As Spence’s stature grew, the opportunities compounded like moths to a single light. He ingratiated himself to Raleigh, N.C.-based McConnell Golf, which owns 14 properties between Tennessee, North Carolina and South Carolina.

He restored four of McConnell Golf’s properties — the latest being the Charlotte’s Providence Country Club in 2018. During that restoration Spence functioned as the architect and construction manager.

“Kris Spence has delivered a golf course that is totally unique from the course we had before,” said McConnell Golf founder and CEO John McConnell in a statement. “I am truly impressed with the new look, as he took a very flat golf course and made it feel much more dramatic to play. … I think he retained the playability for all levels of golfers.”

Despite the successful niche, something gnawed at Spence. His eagerness to one day create his own layout grew palpably.

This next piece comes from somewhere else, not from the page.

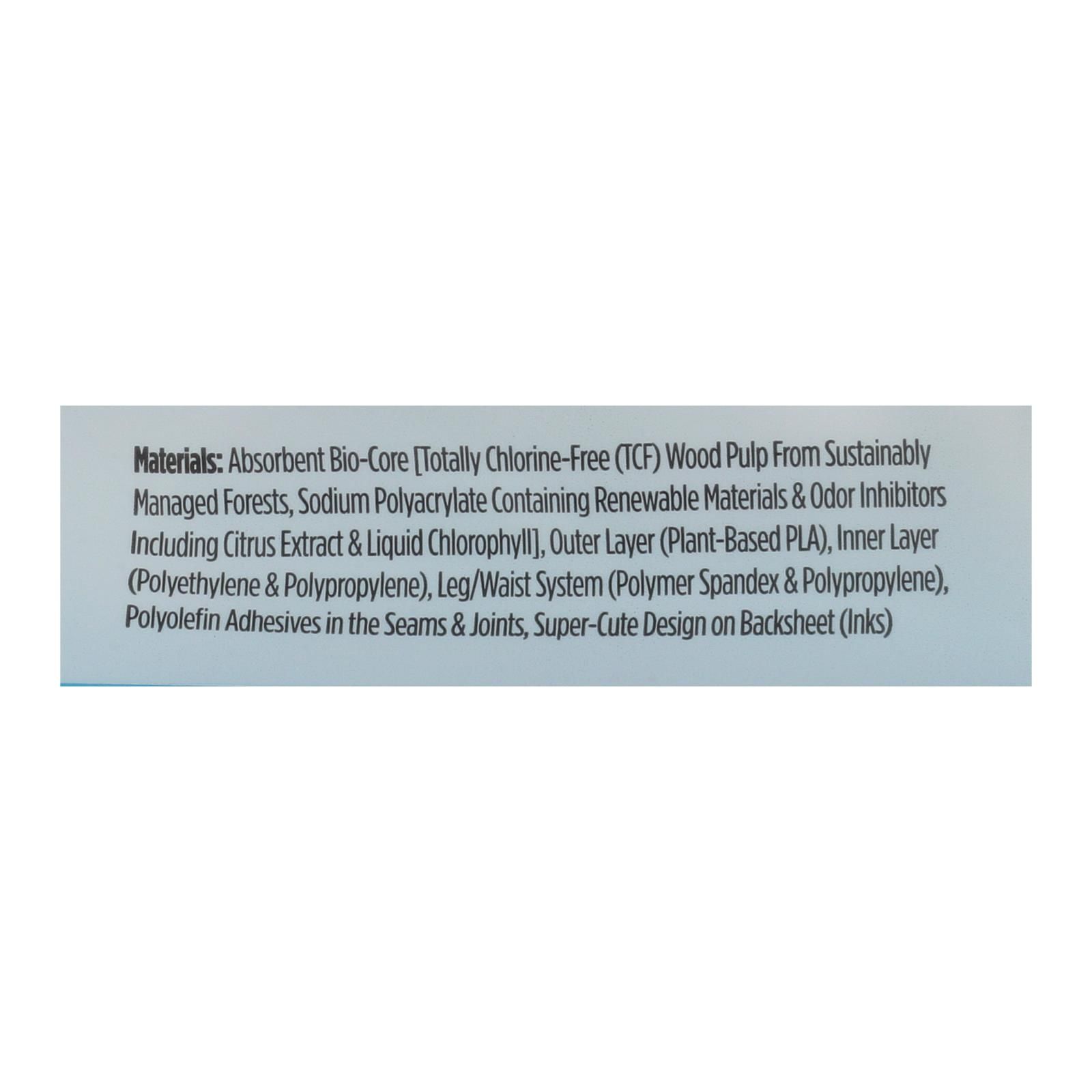 ingredients : absorbent bio-core [totally chlorine-free;tcf;wood pulp from sustainably managed forests;sodium polyacrylate containing renewable materials & odor inhibitors including citrus extract & liquid chlorophyll];outer layer;plant-based pla;inner layer;polyethylene & polypropylene;leg/waist system;polymer spandex & polypropylene;polyolefin adhesives in the seams & joints;super-cute design on backsheet;inks

After the golf course construction boom fizzled faster than a dud bottle rocket in 2008 due to the recession, opportunities dried up.

It continued into the late 2010s, leaving Spence wondering if he’d ever get to make his mark.

A pre-work drone's eyeview of the Quixote Club, which Kris Spence is renovating.

A pre-work drone's eyeview of the Quixote Club, which Kris Spence is renovating.

“I haven’t had that opportunity before. Only in bits and pieces,” he said.

When the Sunset Country Club deal formalized last April, the mild-mannered Spence almost couldn’t contain himself. He felt like the child presented with a new puppy, excitement coursing through his veins.

When he first interviewed with course owners, brothers Greg and Lewis Thompson, he was blunt: the old 18-hole routing wasn’t salvageable, especially the tired back nine holes. With a 1921 front nine meshed with a 1980s back nine, there was zero continuity. It was like pairing a plaid shirt with striped pants.

“I told them, ‘You will never renovate that routing on the course,’” said Spence.

That’s invariably what earned him the job.

Spence is thrilled because in the world of architectural opportunities, most sought-after land for new course design is predicated on natural sandy sites. Why? Because such properties provide excellent drainage, economical construction, above average firm and fast playing conditions, and they’re aesthetically pleasing. The Sunset CC, renamed the Quixote Club, fit every category. Spence said it’s much like what Pinehurst No. 2 sits upon.

“We understand that members will have to make a sacrifice during this construction phase,” said Greg Thompson. “This you can trust: it will be worth the wait.”

Spence’s plan calls for sand exposure and dramatic visuals, using natural resources of the land to create contrast and use of bunkers and hazards.

But it’s more than that.

“What it does for me is it will allow me to create something I would consider a masterpiece under my umbrella, mainly because I’ve done so much model restoration at existing clubs,” said Spence. “There is a lot of fixed boundaries, restrictions and limits to doing that. We’ve got an open slate where we can create a new golf course and a new experience.”

Which suits him just fine. He just wanted a chance.

“Now I can show the world what I’ve got and what I can do,” he said. “Now it’s up to me deliver, and Jackie as well.”